Urban forest carbon credits are a tool related to the Measurement, Reporting, and Verification (MRV) system for translating urban forest carbon stocks into monetary value. The MRV system requires that an entity applying for carbon credits has accurately quantified and reported the absorbed amounts of atmospheric carbon dioxide, which a third party consequently verifies.

City Forest Credits is a nonprofit carbon registry that facilitates the sale of urban forest carbon credits designed specifically for cities. City Forest Credits connects funders of urban tree planting projects to organizations willing to dedicate resources to restoring urban forests. The market determines the value of the credits, while individual project operators are responsible for the negotiations with prospective buyers. The organization provides third-party verification of tree-planting projects in cities, and it empowers entities to plant and protect urban forests through carbon offsets. Several big companies that are leaders in environmental sustainability (Microsoft, Bank of America, PayPal) have been funders or purchasers of urban forest carbon credits.
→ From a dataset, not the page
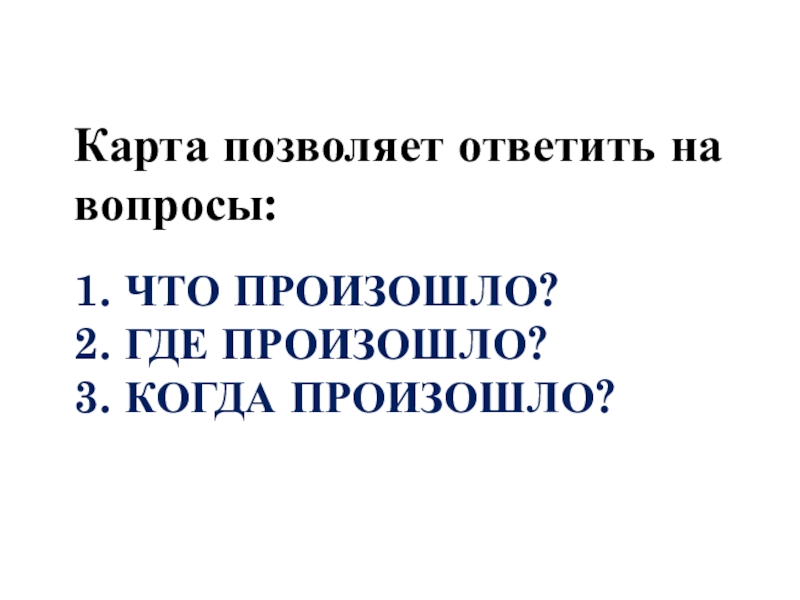 Карта позволяет ответить на вопросы:1. ЧТО ПРОИЗОШЛО?2. ГДЕ ПРОИЗОШЛО?3. КОГДА ПРОИЗОШЛО?

Urban tree planting and preservation forest carbon projects have been implemented in several cities, including Austin, Texas, and Seattle, Washington, and there are many examples of project operators across the country: Reforesting Austin in Texas–Reforesting Austin’s Riparian Areas and Parks (200 credits issued); Idaho Municipal Parks Planting Project (57 credits issued); Evergreen and East End Preservation in Virginia (5,376 credits issued); Harvey Manning Park Expansion Preservation Project in Washington (6,409 credits issued); Reforesting Des Moines in Iowa (440 credits issued); Chicago Carbon Program–Fox River Bluffs Planting Project in Illinois (2,531 credits issued); Minneapolis Park and Recreation Board Planting Project–2021 in Minnesota (4,887 credits issued). The complete credit registry across the United States can be found on the City Forest Credits website.

Accurately quantifying urban forest carbon stocks is essential for issuing carbon credits. Two other Extension publications in this series describe different methods for quantifying urban forest carbon stocks.

Conclusions

Urban forests absorb significant amounts of carbon dioxide from the atmosphere, playing an important role in global warming mitigation and heat reduction in cities. Carbon credits are a powerful tool in the conservation finance of urban trees, and cities or other entities willing to sell urban forest carbon credits need to quantify urban forest carbon stocks first.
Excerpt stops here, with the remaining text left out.